- **Materials provided**:
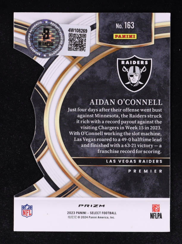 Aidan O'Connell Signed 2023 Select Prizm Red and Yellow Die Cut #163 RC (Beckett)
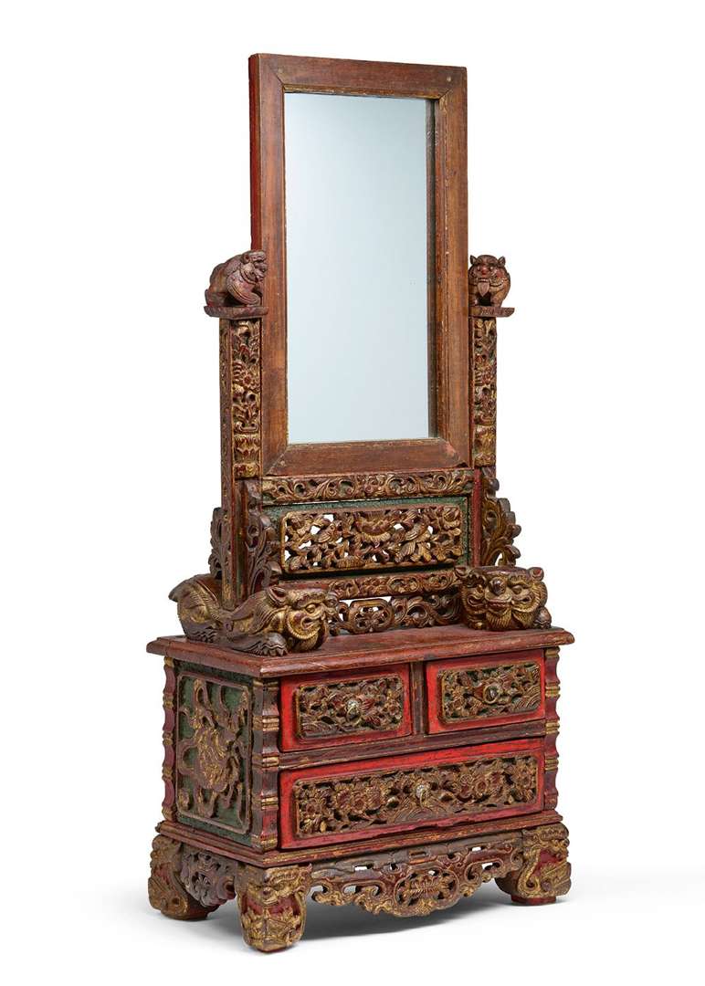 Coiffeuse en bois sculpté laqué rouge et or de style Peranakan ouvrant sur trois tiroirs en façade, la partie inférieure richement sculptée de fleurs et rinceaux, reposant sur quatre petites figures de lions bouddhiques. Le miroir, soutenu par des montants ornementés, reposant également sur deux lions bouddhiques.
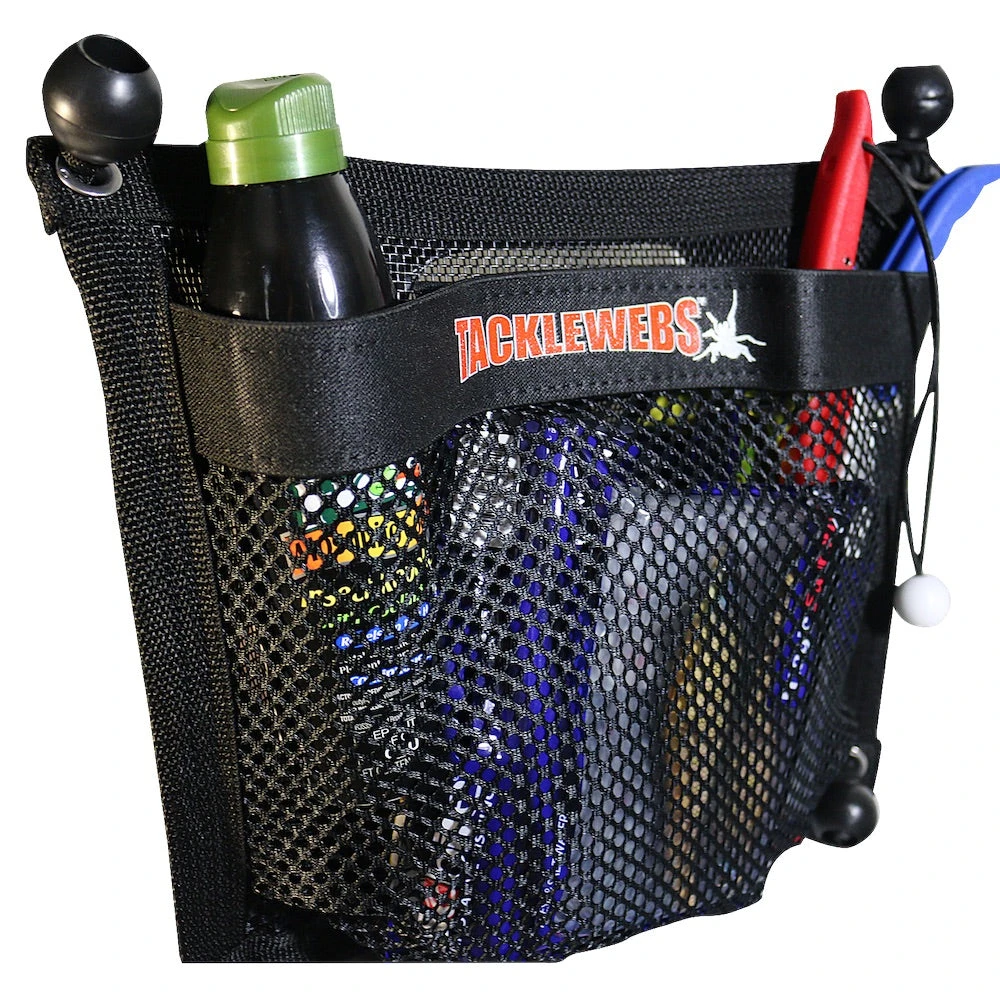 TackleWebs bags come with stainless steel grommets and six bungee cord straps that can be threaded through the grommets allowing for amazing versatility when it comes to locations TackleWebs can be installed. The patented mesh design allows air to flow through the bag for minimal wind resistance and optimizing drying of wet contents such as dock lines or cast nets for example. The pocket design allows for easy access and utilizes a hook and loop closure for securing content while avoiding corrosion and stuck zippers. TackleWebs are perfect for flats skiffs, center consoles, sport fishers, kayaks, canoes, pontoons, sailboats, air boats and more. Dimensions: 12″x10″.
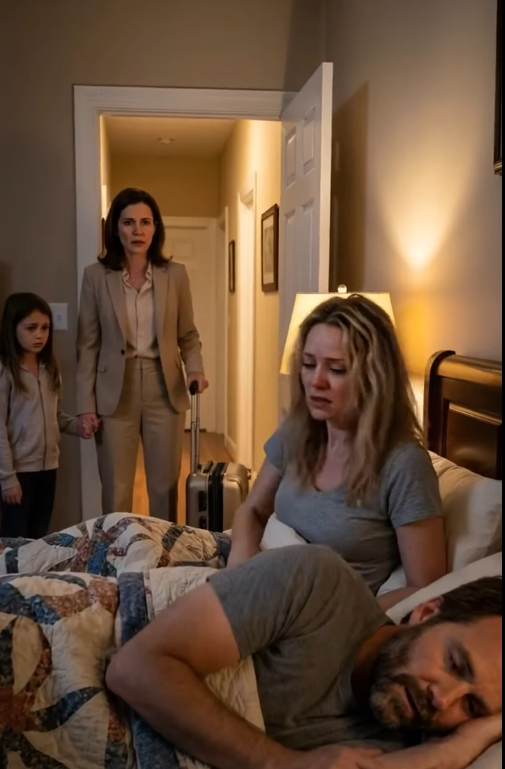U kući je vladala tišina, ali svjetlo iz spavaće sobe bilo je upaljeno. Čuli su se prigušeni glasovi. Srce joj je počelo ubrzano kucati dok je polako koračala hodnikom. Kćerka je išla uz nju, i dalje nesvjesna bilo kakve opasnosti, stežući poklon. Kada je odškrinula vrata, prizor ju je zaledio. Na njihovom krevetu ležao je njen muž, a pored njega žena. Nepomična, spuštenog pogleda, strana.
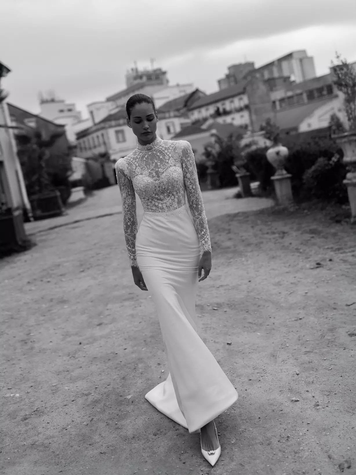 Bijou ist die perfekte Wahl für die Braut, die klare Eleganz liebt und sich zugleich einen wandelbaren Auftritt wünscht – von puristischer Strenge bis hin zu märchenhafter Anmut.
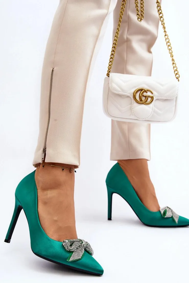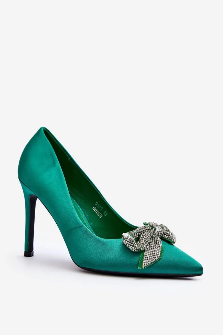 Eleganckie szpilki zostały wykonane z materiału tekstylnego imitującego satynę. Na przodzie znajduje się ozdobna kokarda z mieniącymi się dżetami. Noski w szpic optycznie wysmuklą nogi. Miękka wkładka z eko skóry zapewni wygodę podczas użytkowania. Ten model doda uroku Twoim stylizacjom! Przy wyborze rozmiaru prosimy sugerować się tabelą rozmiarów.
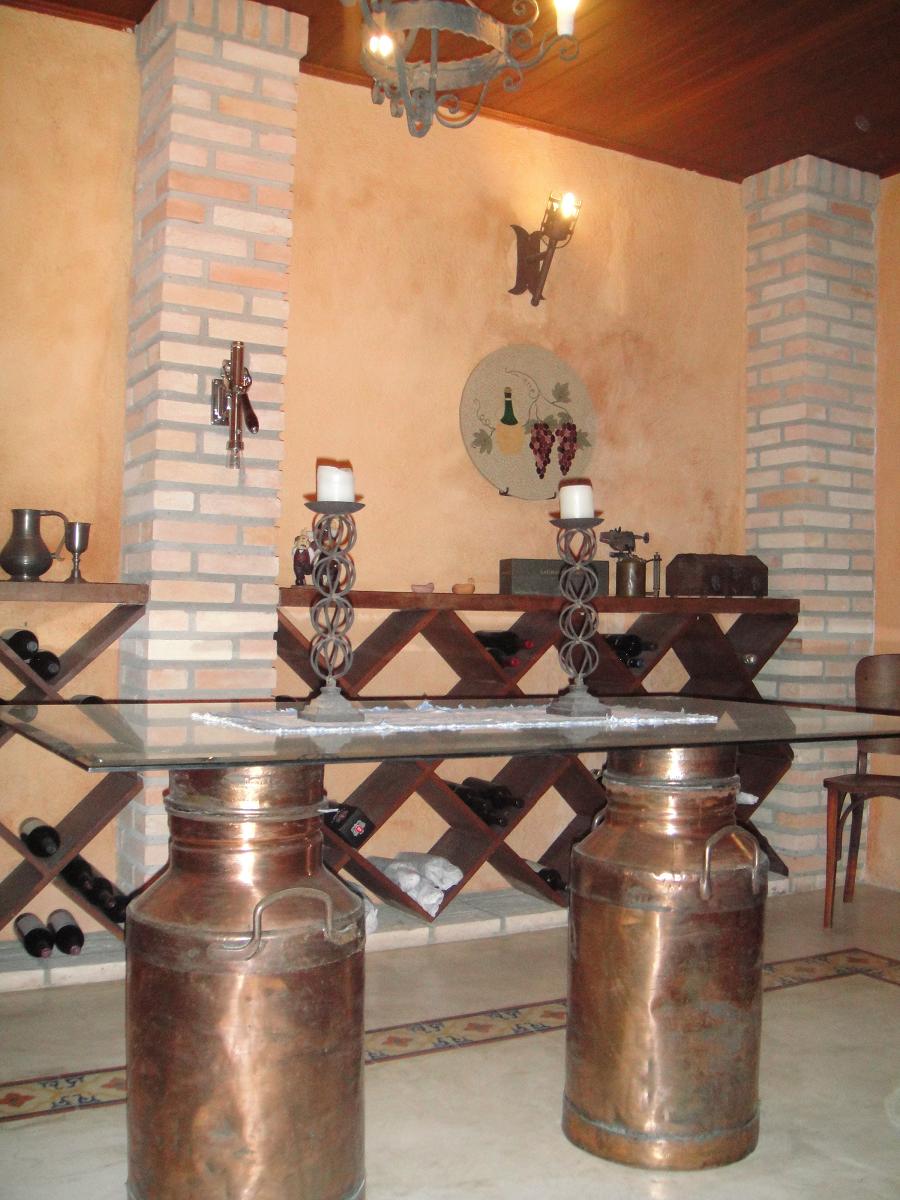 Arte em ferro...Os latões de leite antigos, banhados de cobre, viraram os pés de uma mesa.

- **Task instructions**:
Copy out the material exactly as it stands, though no picture should appear in the copy.

- **Solution to this task**:
 Aidan O'Connell Signed 2023 Select Prizm Red and Yellow Die Cut #163 RC (Beckett)
 Coiffeuse en bois sculpté laqué rouge et or de style Peranakan ouvrant sur trois tiroirs en façade, la partie inférieure richement sculptée de fleurs et rinceaux, reposant sur quatre petites figures de lions bouddhiques. Le miroir, soutenu par des montants ornementés, reposant également sur deux lions bouddhiques.
 TackleWebs bags come with stainless steel grommets and six bungee cord straps that can be threaded through the grommets allowing for amazing versatility when it comes to locations TackleWebs can be installed. The patented mesh design allows air to flow through the bag for minimal wind resistance and optimizing drying of wet contents such as dock lines or cast nets for example. The pocket design allows for easy access and utilizes a hook and loop closure for securing content while avoiding corrosion and stuck zippers. TackleWebs are perfect for flats skiffs, center consoles, sport fishers, kayaks, canoes, pontoons, sailboats, air boats and more. Dimensions: 12″x10″.
U kući je vladala tišina, ali svjetlo iz spavaće sobe bilo je upaljeno. Čuli su se prigušeni glasovi. Srce joj je počelo ubrzano kucati dok je polako koračala hodnikom. Kćerka je išla uz nju, i dalje nesvjesna bilo kakve opasnosti, stežući poklon. Kada je odškrinula vrata, prizor ju je zaledio. Na njihovom krevetu ležao je njen muž, a pored njega žena. Nepomična, spuštenog pogleda, strana.
 Bijou ist die perfekte Wahl für die Braut, die klare Eleganz liebt und sich zugleich einen wandelbaren Auftritt wünscht – von puristischer Strenge bis hin zu märchenhafter Anmut.
 Eleganckie szpilki zostały wykonane z materiału tekstylnego imitującego satynę. Na przodzie znajduje się ozdobna kokarda z mieniącymi się dżetami. Noski w szpic optycznie wysmuklą nogi. Miękka wkładka z eko skóry zapewni wygodę podczas użytkowania. Ten model doda uroku Twoim stylizacjom! Przy wyborze rozmiaru prosimy sugerować się tabelą rozmiarów.
 Arte em ferro...Os latões de leite antigos, banhados de cobre, viraram os pés de uma mesa.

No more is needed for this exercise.